Five questions from
bloodquartz.
1. What is your honest, no holds barred opinion of the NZ government today?I'm happy with our government. They've brought in social policy I care about -- Civil Unions, the Relationship Property Act (the cases where partners missed out used to make me cry at Law School), the decriminalisation of prostitution (not that I'm in favour of prostitution, but it always bugged me that men utilising the services of a prostitute were in the clear, but women offering said services were for the high jump), subsidy of the arts; and they've stood firm on foreign affairs that are important -- accepting refugees, our nuclear free policy, refusing to go to Iraq. Those are the two things I care about most. Economic policy? Meh. Though I prefer social spending to tax cuts, so thumbs up there too.
2. Who are 5 fictional characters you most wish you could have a conversation with?Dean Winchester. Not so I can jump his bones -- get your minds out of the gutter -- but because I'd like to talk to him about being an older sibling in an uprooted family. Boy needs some good advice from someone who's been there. Then I'd feed him pie. Many and sundry homemade pies.
Then I'd jump his bones. Lex Luthor. Ditto. I'd like to grab him when he was twenty-one, give him a good shake, then tell him about how to be honest but not a doormat.
Rodney McKay. I'd like to give him a damn good talking to about the
soft sciences.
I fear the shouting and name calling and the sheer amount of eau d'ego in the air (mine rises also when social science is under attack) might lead to a concomitant surge of lust. Erm...
Fox Mulder. For old times' sake. And to see if five years' additional mulling it over has made the fucking conspiracy make any more sense. Oooh! And
Robin Hood. My first and longest lasting love. Seriously, from like two to seventeen.
3. What's one change you most want to see in the world?To see America get the government it deserves. Honestly. I mean no disrespect. I love America. I love Americans. In my eight state odyssey I adored everyone and everything. The worst thing that ever happened was someone snapped at me for walking on the wrong side of the footpath in Chicago. All I ask in return is that that government have a modicum more respect for the rest of us.
4. What's your perspective on fanworks and artists' rights?If you deprive an artist of revenue they were legitimately entitled to, that's theft. With the caveat that I do download television programmes I'm fannish about from the States/Canada/the UK. How do I justify it? Because I could wait a lifetime for them to surface in NZ, and when they do they're barely guaranteed a slot. And then I buy the damn dvds anyway, so I do pay for the show. The only losers are local tv channels which lose advertising revenue, and as far as I'm concerned that's a boycott against their offensive practices.

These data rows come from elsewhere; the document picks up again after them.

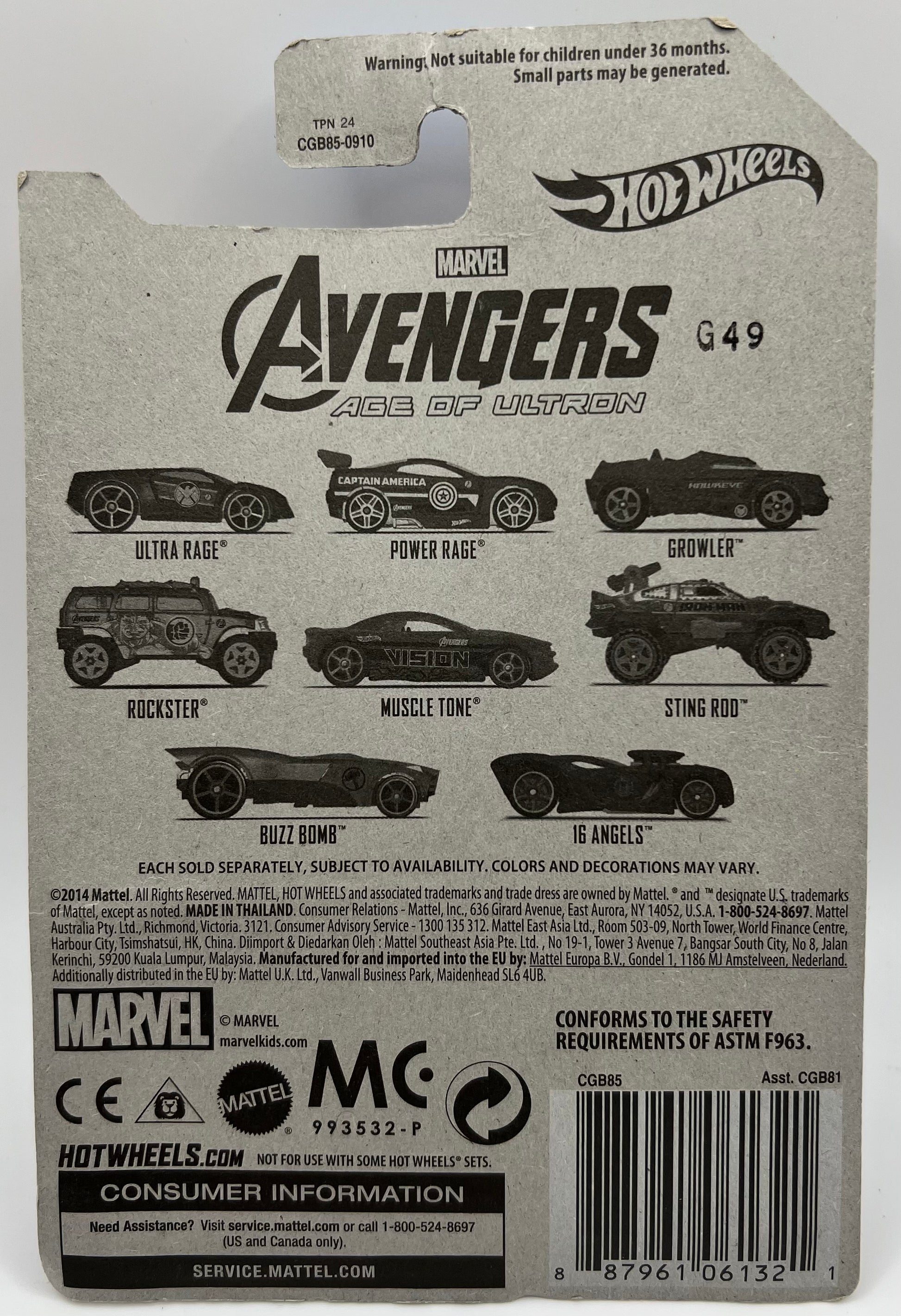 Marvel The Avengers Age of Ultron Hulk Rockster 2014 Hot Wheels Toy Car #4/8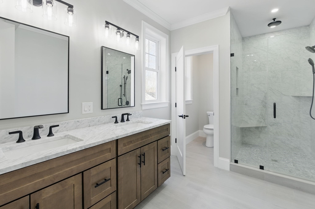 Beautifully staged to showcase its full potential! This stunning new construction in Danvers’ desirable Prep area blends thoughtful design with/ high-end finishes throughout. Privately set, the home offers a spacious layout ideal for both everyday living & entertaining. The chef’s kitchen is a showstopper with 8’ island, quartz counters, GE Café appliances, & walk-in pantry. Enjoy gatherings by the gas fireplace or host in the elegant dining area with/ detailed millwork. Featuring 2 primary suites, 1 on each level, each with/ spa-like baths, marble-topped vanities & rain shower heads. Upstairs offers a vaulted great room, homework/reading nook, 3 additional bedrooms, & a finished 3rd floor for flexible bonus space. Radiant heat in baths & mudroom, 5” white oak floors throughout, Hardie siding, 3-car heated garage, irrigation & roughed-in plumbing in the basement for future expansion. A rare blend of luxury, space & location.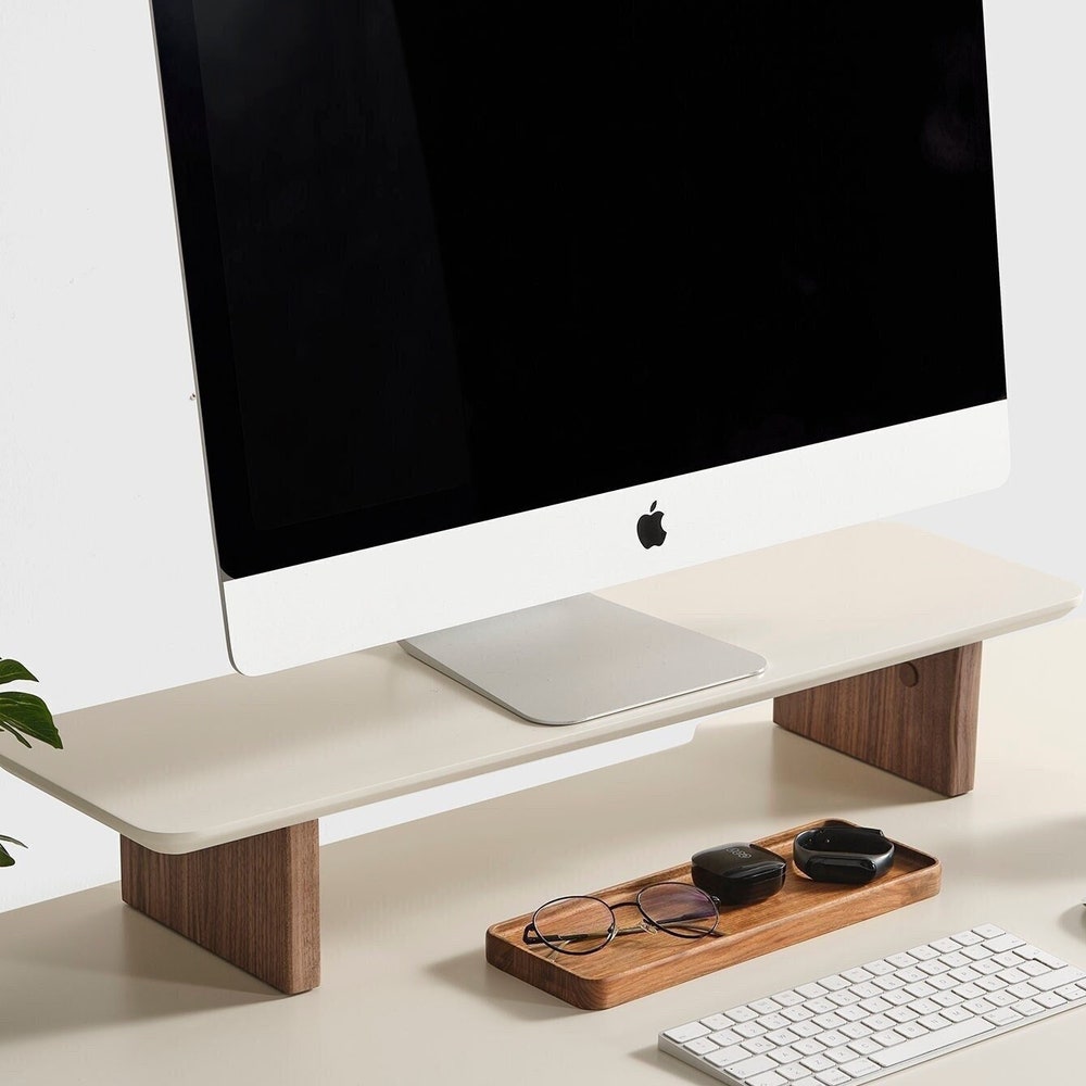 Upgrade your workspace with this cream wooden monitor stand for a cleaner, more ergonomic, and stylish desk setup! ✨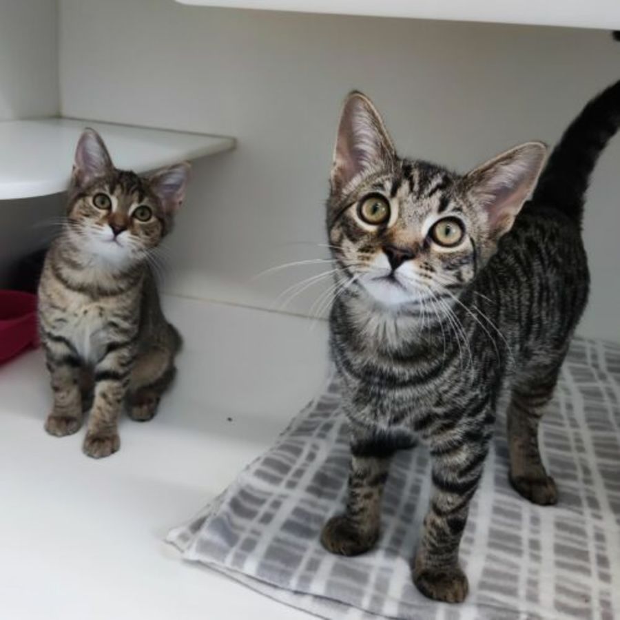 These two will wrestle and play together and we just know they will be best buds for life. They love toys and to climb all the way to the top of their cat tower.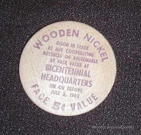 Wooden token printed with purple ink. One side is printed with the the inscription, "WATERBURY, VT. June 30th thru July 6th" around the edge, and images of four buildings above a central banner and flooded building in water below the banner. The banner reads, "WATERBURY, VERMONT BICENTENNIAL". The other side of the token is printed with the inscription, "WOODEN NICKEL GOOD IN TRADE AT ANY COOPERATING BUSINESS OR REDEEMABLE AT FACE VALUE AT BICENTENNIAL HEADQUARTERS ON OR BEFORE JULY 3, 1963 FACE 5c VALUE".Context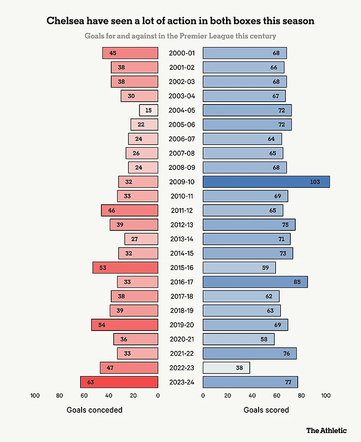 Маурисио Почеттино научил «Челси» забивать. В прошлом сезоне команда Томаса Тухеля, Грэма Поттера и Фрэнка Лэмпарда «наколотила» солидные 38 мячей. В этом же сезоне «Челси» закончил АПЛ с 77 голами в 38 играх. Такой результат является третьим лучшим показателем клуба за всю историю АПЛ, уступая только сезонам 2009-10 (103 гола) и 2016-2017 (85 голов).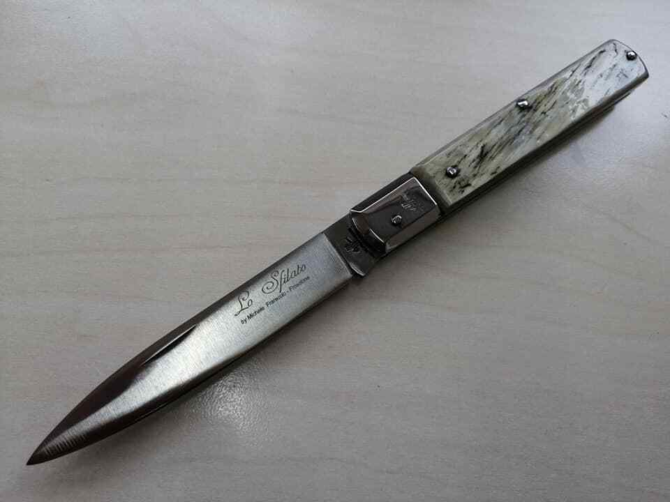 Coltello Tradizionale Sfilato 19 cm corno antico Frosolone couteau navaja knife 0412/414-19. Lunghezza totale 19 cm circa, lama liscia di 8.00 cm in acciaio inox 420, con testina in acciaio lucido. Manico in corno naturale antico.

Re fanfic et al... Once you loose a beast into the public domain, the gloves are off. I can do what I want with it. When I was a student and freezing to death one winter, I got down all the books I hated out of the wardrobe and burned them in the fireplace. And part of me shuddered, because I couldn't help thinking of Berlin, but part insisted it was bad taste I was punishing. And the majority just revelled in being
warm. I wrote my own Robin Hood book when I was six. We acted out the A-Team in the playground when I was eight. I went to a Doctor Who convention when I was fifteen and we filmed a new adventure. Reading and writing fanfic is my adult engagement with the text. If Aeschylus can call his tragedies "slices from the great banquet of Homer" then I'm in good company. Fanartists are the mythologisers of the new millenium. And mythology belongs to the people.

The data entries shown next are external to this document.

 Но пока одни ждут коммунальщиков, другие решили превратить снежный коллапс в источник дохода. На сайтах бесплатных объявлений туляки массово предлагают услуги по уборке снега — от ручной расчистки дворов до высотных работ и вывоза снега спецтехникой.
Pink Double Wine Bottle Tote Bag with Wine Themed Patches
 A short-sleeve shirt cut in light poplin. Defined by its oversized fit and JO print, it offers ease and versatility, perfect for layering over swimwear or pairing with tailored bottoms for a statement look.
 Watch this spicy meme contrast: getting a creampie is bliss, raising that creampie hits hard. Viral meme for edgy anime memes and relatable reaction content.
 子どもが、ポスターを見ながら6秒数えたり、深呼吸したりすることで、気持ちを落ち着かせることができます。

5. What are five quotes that just resound with your personal worldview and why?"I disapprove of what you say, but I will defend to the death your right to say it." Voltaire. It's not the First Amendment for nothing.
Or as Alan Shore put it, "Speech is free, you hack.""In the end, we will remember not the words of our enemies, but the silence of our friends." Martin Luther King. Take a damn stand. If something's wrong, say so.

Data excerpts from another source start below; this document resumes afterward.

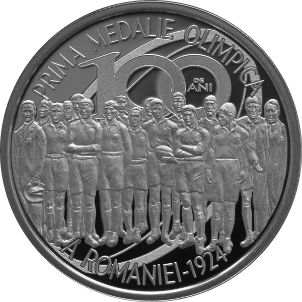 A rugby ball and Romania’s 1924 squad, with the inscriptions “PRIMA MEDALIE OLIMPICA A ROMANIEI - 1924” and “100 DE ANI”.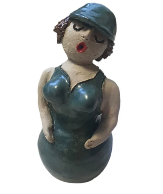 Denne syngende jomfru har fået en grøn glasur. Hatten er er en kasket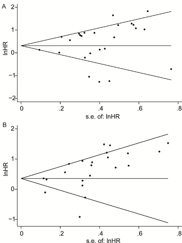 Figure 4: Funnel plots of the hazard ratios of cancer patients by the SE, for all studies included in the meta-analyses. Hazard ratios are displayed on a logarithmic scale. A. For the OS group, P = 0.708 for Begg’s test, and P = 0.216 for Egger’s test. B. For the PFS group, P = 0.309 for Begg’s test, and P = 0.000 for Egger’s test.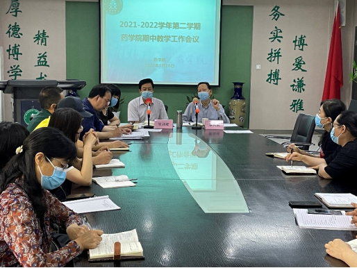 2022年5月26日下午,药学院在立德楼三楼会议室召开了2021-2022学年第二学期教学工作会议。学校教学督导罗秀成教授和张润岐教授莅临指导工作。药学院党政班子、教学指导委员会成员、各专业负责人、教学科全体成员、各教研室主任及实验中心主任以及各班学生代表参加了会议,会议由药学院副院长冯永辉主持。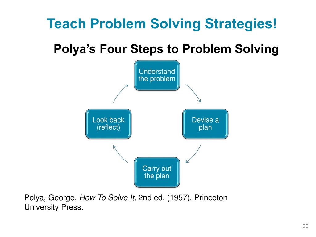 Teach Problem Solving Strategies! Polya’s Four Steps to Problem Solving Polya, George. How To Solve It, 2nd ed. (1957). Princeton University Press.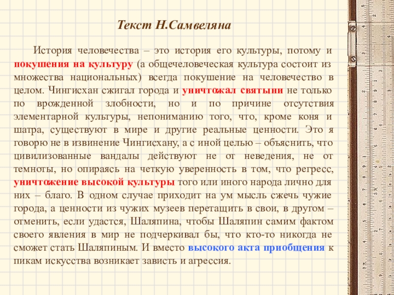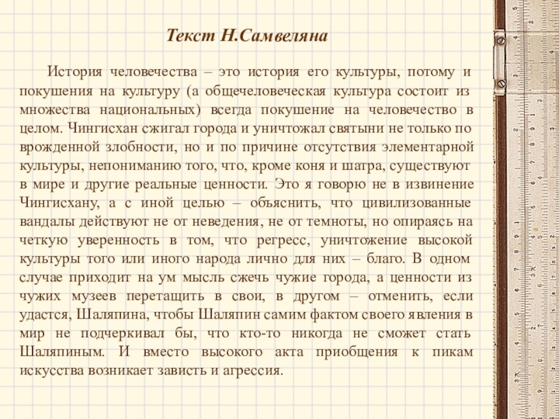 Проблема текста в том, что история человечества – это история его культуры. А Чингисхан сжигал города и уничтожал святыни, так как сам был бескультурным человеком.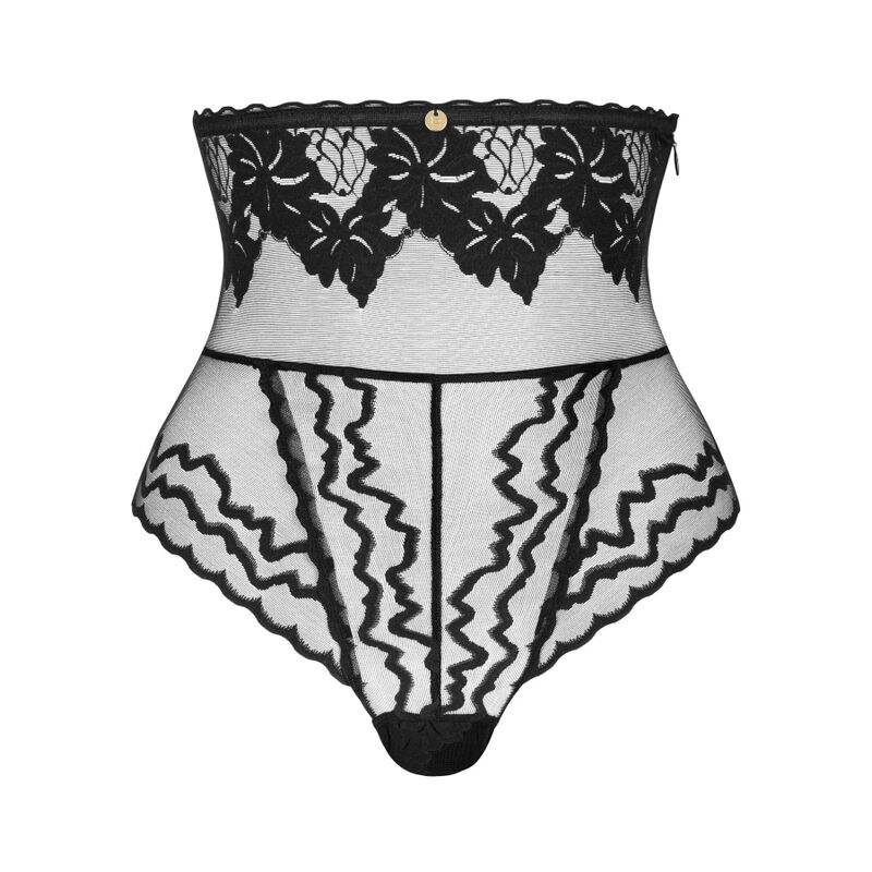 Las bragas Arienna son una propuesta extremadamente femenina y sensual. El diseño de talle alto expone perfectamente las formas femeninas y enfatiza la cintura de forma hermosa. El corte sexy sobre el trasero es un incentivo para los placeres calientes en el dormitorio, y el encaje excepcionalmente elegante agregará estilo y envolverá el cuerpo en atractivo sexual. Las braguitas forman una tentadora pareja con un sujetador de la misma colección.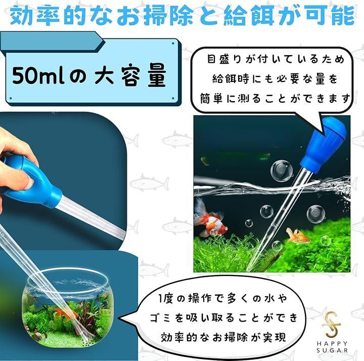 「効率的なお掃除と給餌が可能」50mlの大容量により、一度の操作で多くの水やゴミを吸い取ることができ、効率的なお掃除が実現します。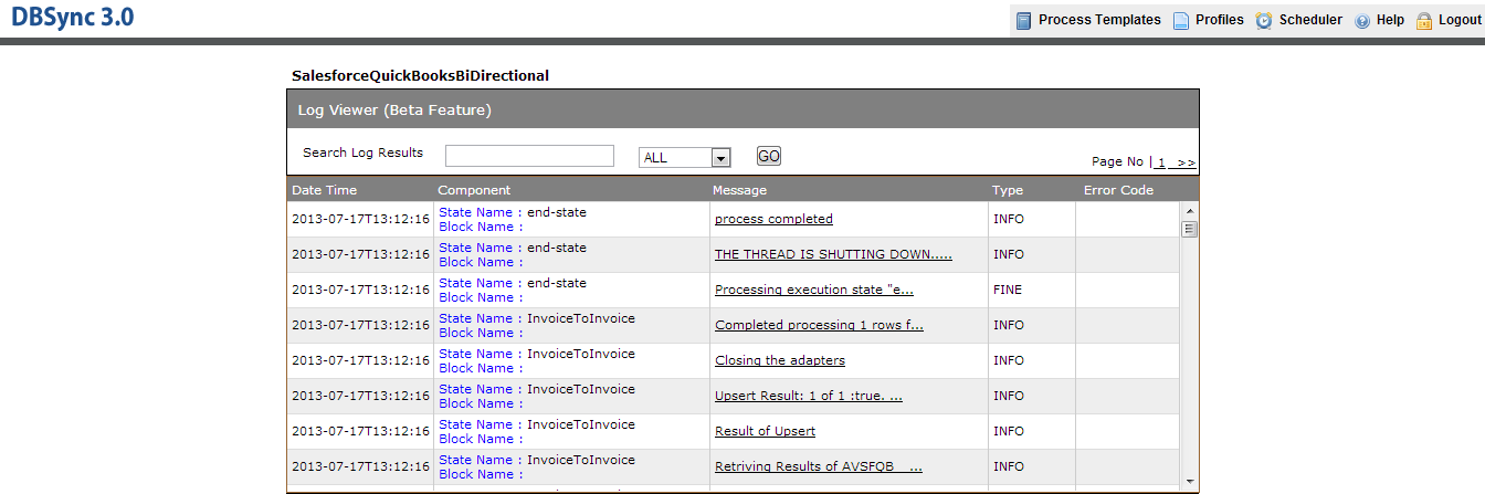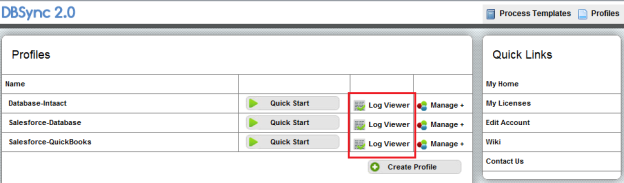 The log section within DBSync can be accessed from the menu link within a project. The screenshot below shows the log listing page.

"All that is necessary for the triumph of evil is that good men do nothing." Edmund Burke. I'm all for active intervention. Within clearly prescribed parameters.
"Eat, drink, and be merry, for tomorrow we die." I confess, I'm a bit of a hedonist at home.
Apparently a conflation: "To eat, and to drink, and to be merry." Ecclesiastes VIII 15; "Let us eat and drink for tomorrow we die." Isaiah XXII 13; and "Eat, drink, and make love, for all the rest is not worth that [a snap of the fingers]." Sardanapalus."I hate him as I hate the gates of hell, that man who says one thing while holding in his heart another." Homer,
Iliad IX. I had to get one classics quote in. And I have a special dislike of hypocrisy.